* Instructions for the task *
Starting from the line with "Knowing your Ford", please copy exactly every line to the end of the listing, but not the pictures.

Information provided Start Marker

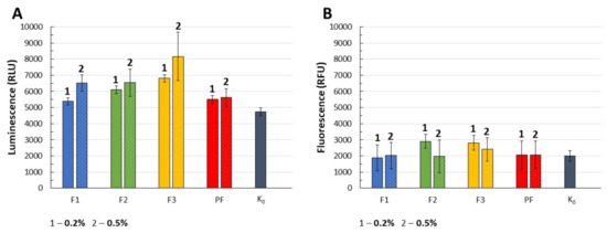 Intensity of luminescence signal as a sign of apoptosis (A) and fluorescence signal as a sign of necrosis (B) recorded for F1–F3 and placebo films (PF) at concentrations of 0.2% and 0.5% with reference to the negative control K0 (untreated cells). For the positive control (50 mM H2O2), luminescence was 964542.28 ± 32319.18 RLU and fluorescence–35750.39 ± 2510.64 RFU (mean ± SD, n = 5, p < 0.05).
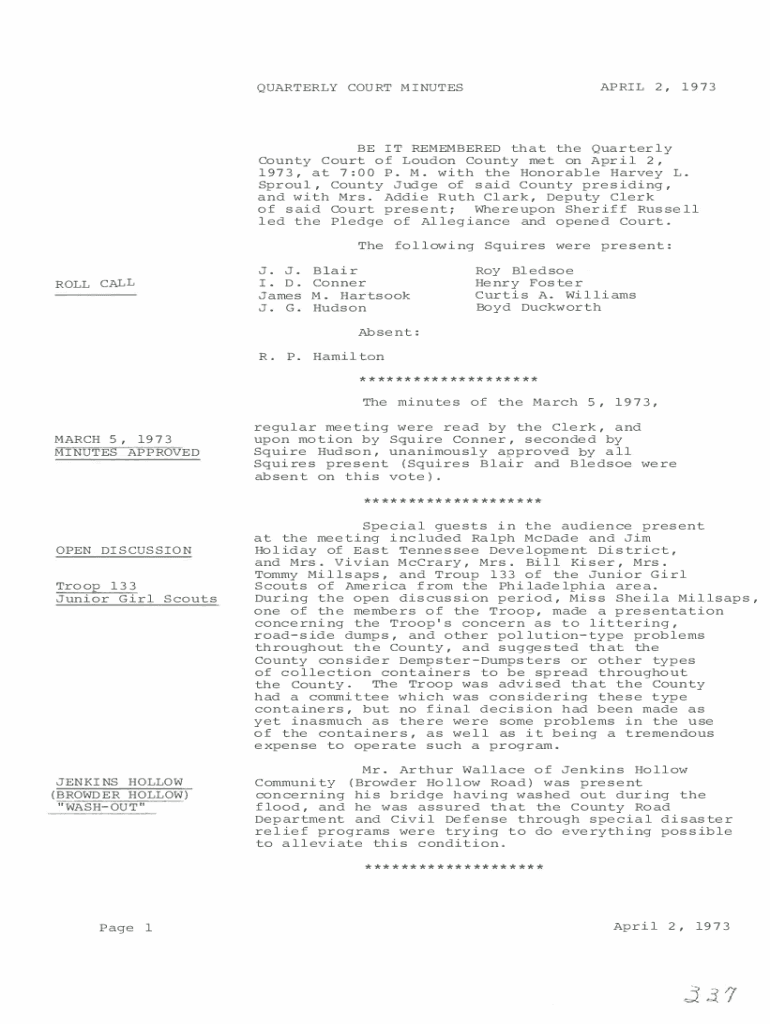 AP OIL 2, 19 7 3QUARTERLY COU RT M MINUTES IT REMEMBERED that the Quarter l y County Court o f London County met on Apr i l 2, 19 7 3, a t 7 : 0 0 P. M. Wit h the Honor ab l e Harvey L. Sprout l,
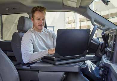 Knowing your Ford truck often dubs as your office, the versatile center console got an upgrade to keep you organized, with features that include clamps for securing materials and a spacious setup ideal for any project. Additionally, the Ford Work Surface provides a flat and ergonomic space for completing paperwork, setting up your laptop, or enjoying a meal. With 11 lockable positions in 5-degree increments, you can customize the rotational angle of the tabletop surface or leave it in the home position. This feature is available with both bench and bucket seating configurations, offering flexibility and convenience.
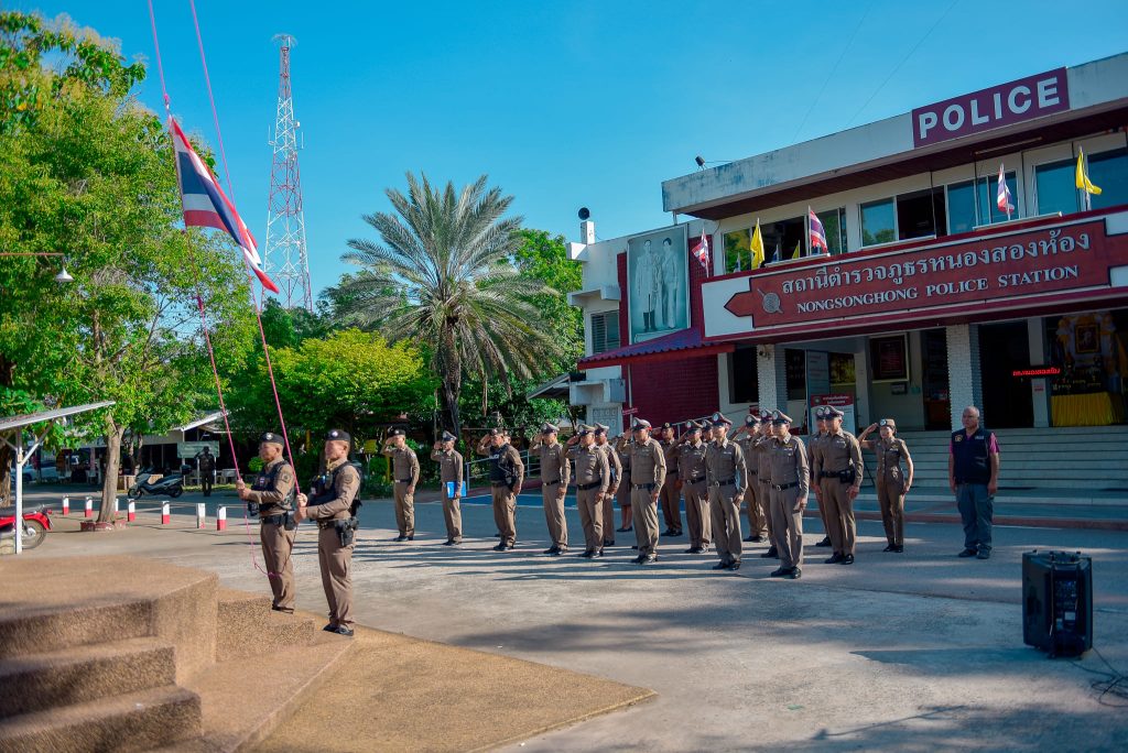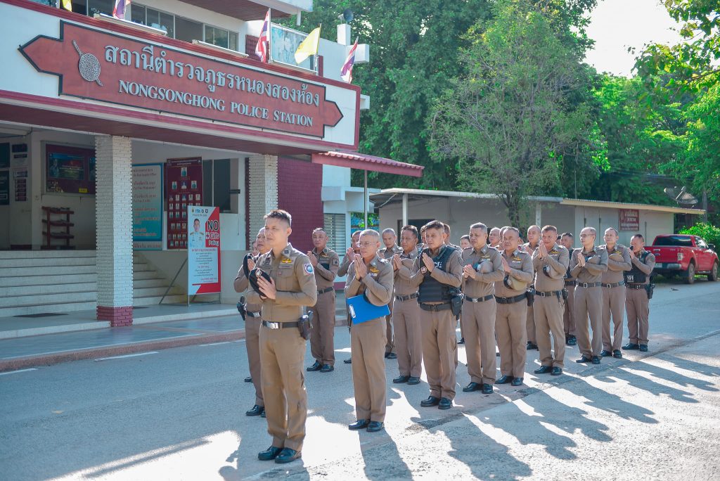 พร้อมด้วยข้าราชการตำรวจ สภ.หนองสองห้อง ร่วมเคารพธงชาติ สวดมนต์ไหว้พระ กล่าวบทปลงใจ ท่องอุดมคติตำรวจ ปฏิญาณตน ประชุมชี้แจงข้อราชการ ข้อสั่งการ และนโยบายผู้บังคับบัญชาให้ได้รับทราบและถือปฏิบัติ ดังนี้.-

Information provided End Marker

* Final answer *
 Knowing your Ford truck often dubs as your office, the versatile center console got an upgrade to keep you organized, with features that include clamps for securing materials and a spacious setup ideal for any project. Additionally, the Ford Work Surface provides a flat and ergonomic space for completing paperwork, setting up your laptop, or enjoying a meal. With 11 lockable positions in 5-degree increments, you can customize the rotational angle of the tabletop surface or leave it in the home position. This feature is available with both bench and bucket seating configurations, offering flexibility and convenience.
 พร้อมด้วยข้าราชการตำรวจ สภ.หนองสองห้อง ร่วมเคารพธงชาติ สวดมนต์ไหว้พระ กล่าวบทปลงใจ ท่องอุดมคติตำรวจ ปฏิญาณตน ประชุมชี้แจงข้อราชการ ข้อสั่งการ และนโยบายผู้บังคับบัญชาให้ได้รับทราบและถือปฏิบัติ ดังนี้.-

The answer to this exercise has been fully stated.